In Ugo Foscolo io non odio il poeta: se mai, odio l’istrione, il basettone. Non odio l’innamorato. Odio, caso mai, quello che si finge tale per tirare il colpo alla figlia diciottenne dell’ospite babbeo: il quale ospite, facitor di versi, ha un’opinione iperbolica del creduto Poeta Iperbolico… Il poeta, una volta ricevuto l’omaggio dei trecento endecasillabi del conte Giovio, non osò respingere l’ospitalità lariana di tutta la famiglia: ospitalità dovutagli come a signore del feudo endecasillabico: ma contrastata dalle due sorelle maggiori, ch’egli chiama brutte e perfide, tanto per non lasciar inoperosa la penna, e meno ancora la lingua di cornacchia: linguaccia che già gli serviva a schiamazzare nei salotti milanesi, e ora in riva al lago.
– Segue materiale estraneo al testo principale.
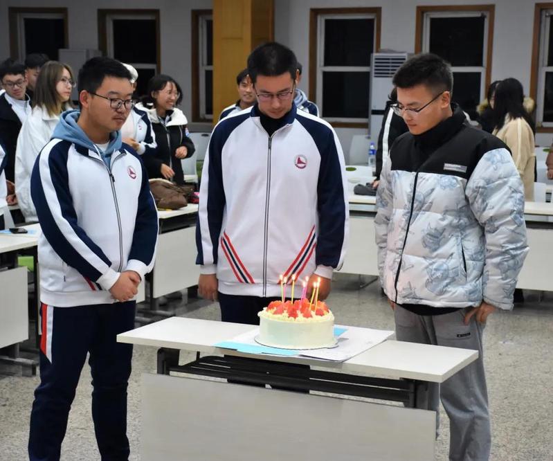 新生代表宋晓迪和邓紫依同学发言,说出了同学们前段时间的迷茫,同时指出今后会更努力学习,牢记使命与担当,为花椒争光。紧接着,全体在各位大家长的见证下一起为刘洋、罗楠、秦铭宏三位同学庆祝他们在校的第一次生日,三位新生随机发表了自己的感受,这次的惊喜来的很突然,感谢这个大家庭给的温暖同时,也说出了自己来到大学的不适应与彷徨,都表明决心,会努力争做出彩的花椒人。

Può darsi che le due sorelle abbiano aperto gli occhi a Papà: Papà idolatrava la sua Francesca, e Ugo poeta. Il fatto è che del matrimonio di Ugo e Francesca non si parlò più; e forse non se n’era parlato mai. La epistola del 19 agosto 1809 alla bimba ha foscolizzato, cioè immortalato la faccenda. L’amore per la milanese (non diciottenne e tanto meno vergine) signora Bignami durò tutto quell’anno 1809. Il Foscolo, pare, le amava a due a due: per non dire a quattro a quattro.

(Carlo Emilio Gadda)

foscolo.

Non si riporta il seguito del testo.